## How to complete this task
The answer must be a single number: the count of lines below that contain the string "rozpočtu".
──────
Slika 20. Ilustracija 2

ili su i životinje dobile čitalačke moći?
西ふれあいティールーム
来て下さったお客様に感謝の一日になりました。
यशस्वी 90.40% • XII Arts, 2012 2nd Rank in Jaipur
──────
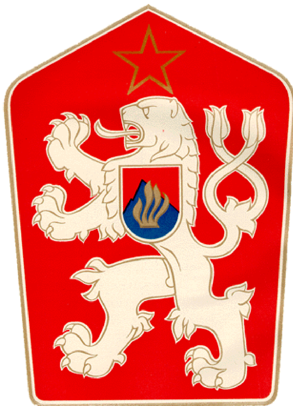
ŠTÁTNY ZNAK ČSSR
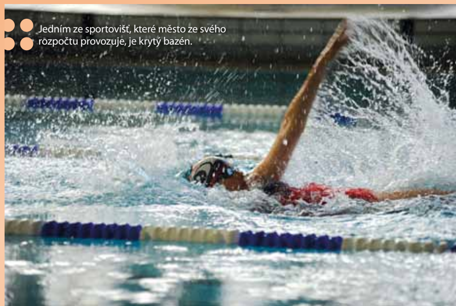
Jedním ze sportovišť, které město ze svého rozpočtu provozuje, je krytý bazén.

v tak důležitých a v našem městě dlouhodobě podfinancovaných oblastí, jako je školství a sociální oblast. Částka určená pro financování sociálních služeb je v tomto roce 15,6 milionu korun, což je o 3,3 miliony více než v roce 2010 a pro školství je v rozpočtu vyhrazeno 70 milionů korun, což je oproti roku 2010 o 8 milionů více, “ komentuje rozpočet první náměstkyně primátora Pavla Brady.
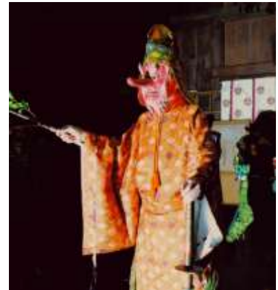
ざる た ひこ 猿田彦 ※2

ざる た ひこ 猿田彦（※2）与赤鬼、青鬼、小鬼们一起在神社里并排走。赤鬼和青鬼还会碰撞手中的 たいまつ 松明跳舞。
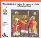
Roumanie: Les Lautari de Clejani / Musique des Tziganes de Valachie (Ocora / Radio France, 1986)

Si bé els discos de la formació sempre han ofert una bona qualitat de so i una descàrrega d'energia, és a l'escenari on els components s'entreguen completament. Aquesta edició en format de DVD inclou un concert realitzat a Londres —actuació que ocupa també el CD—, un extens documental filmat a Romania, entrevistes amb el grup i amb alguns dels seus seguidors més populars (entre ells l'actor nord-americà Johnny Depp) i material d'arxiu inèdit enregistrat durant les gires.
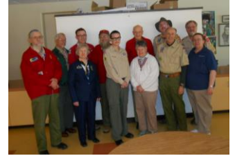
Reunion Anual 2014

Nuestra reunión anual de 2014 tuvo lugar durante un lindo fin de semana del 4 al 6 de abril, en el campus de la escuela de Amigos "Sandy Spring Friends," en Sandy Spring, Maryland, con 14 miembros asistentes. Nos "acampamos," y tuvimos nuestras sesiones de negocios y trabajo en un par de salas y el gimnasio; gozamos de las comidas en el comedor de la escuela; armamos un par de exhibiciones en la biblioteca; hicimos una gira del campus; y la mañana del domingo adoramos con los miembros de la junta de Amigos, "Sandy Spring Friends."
──────
## Written response
2